The optical properties of ZnO thin films produced at different pH values were characterized via an Ellipsometer. The optical band gap (Eg) values of the films were calculated using the film transmittance (T). The absorption coefficients (α) of the films were determined based on the transmittance values and film thicknesses using Lambert-Beer’s law (Equation (2)) [39].

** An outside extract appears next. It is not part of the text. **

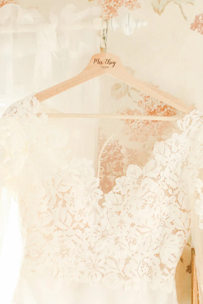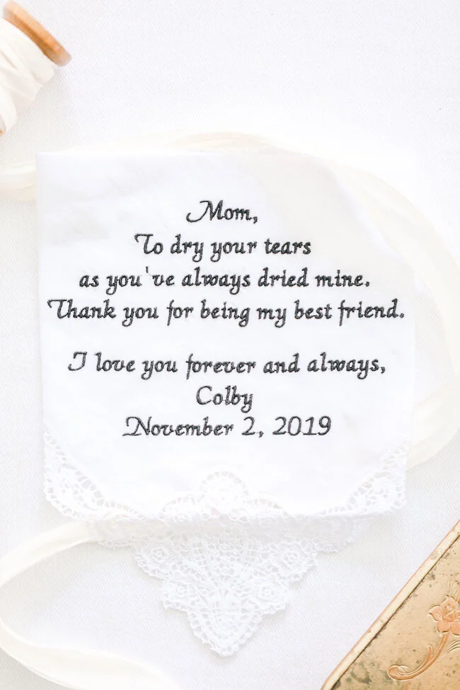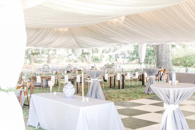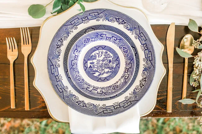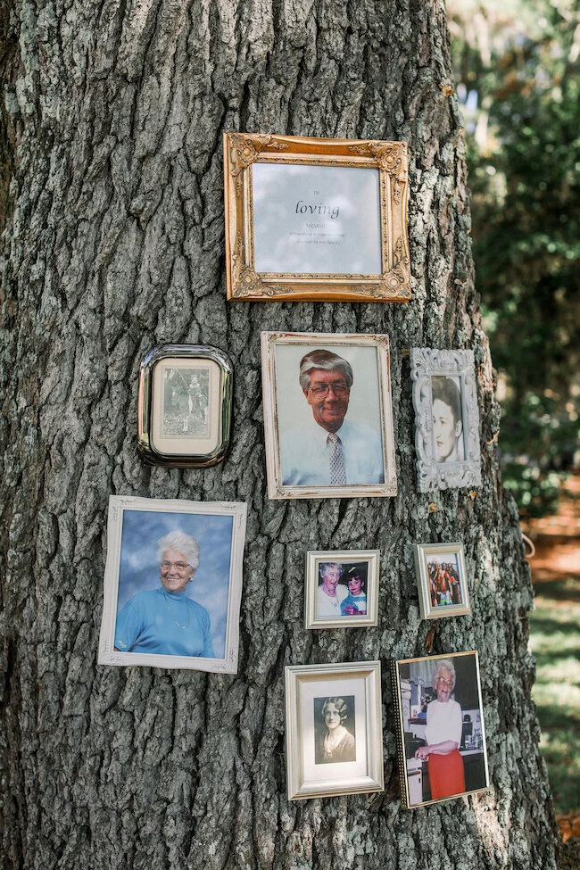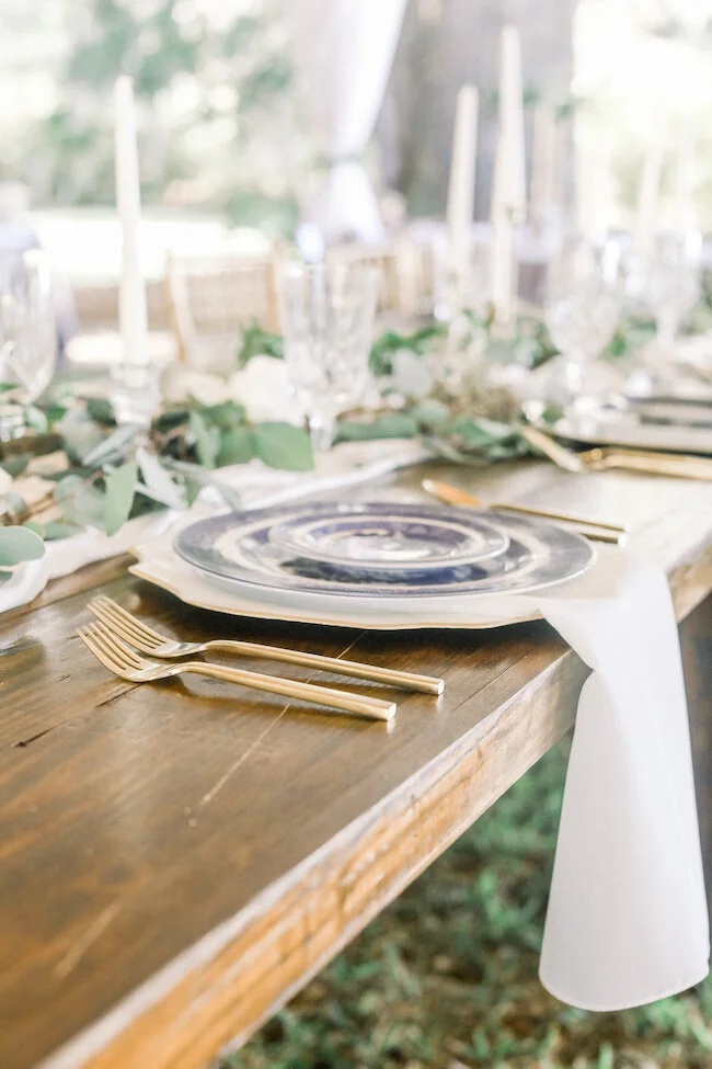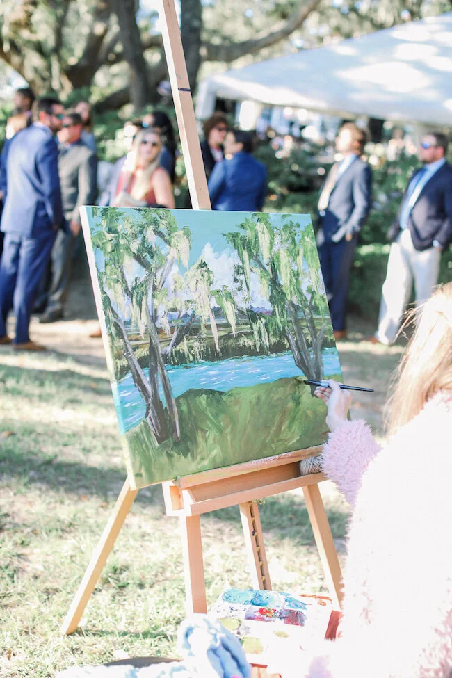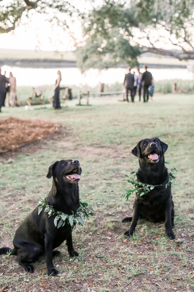 From the planner: Colby + Chase wanted to let the beauty of the waterfront venue speak for itself. Their day was simple, beautiful, and a dang good time! They wanted to focus on their guests having an absolute blast in celebrating. They incorporated personal details, like using the bride's family china for the head table, and having a photo memorial set up in a tree to honor those who were there in spirit. They had a live painting during the ceremony, brought their dogs to the big day, and booked an amazing band (Tru Sol Band) that kept the party going all night long!

$$\alpha =({\displaystyle \frac{1}{\mathrm{d}}})\ln ({\displaystyle \frac{1}{\mathrm{T}}})$$

(2)

In this equation, α represents the absorption coefficient, d denotes the thickness of the sample, and T indicates the optical transmittance. Using the absorption coefficients calculated with Equation (2), the band gap values of the thin films were determined [40].

(αhv) = A(hv − E_g)ⁿ

(3)

The band gap values of the thin films are calculated using Equation (3). In this equation, E_g represents the forbidden energy band gap, A is a proportionality constant, and hv denotes the photon energy. The value n indicates the nature of the transition and is 1/2 for direct band gap semiconductors like ZnO. The band gap of the samples is determined by plotting the graph of (αhv)²-(hv) and analyzing the graph to find the band gap value.

Figure 2 shows that the optical transmittance of the samples was 83% for pH 2, 86% for pH 7, and reached the highest value (88%) for pH 9, then sharply decreased to 80% for pH 12. This indicates that all samples have a transmittance of ≥80%, which is consistent with the literature. Figure 3 represents the band gap values of the samples produced at different pH levels. It is observed that all ZnO samples have a band gap in the range of 3.42 to 3.55 eV [41].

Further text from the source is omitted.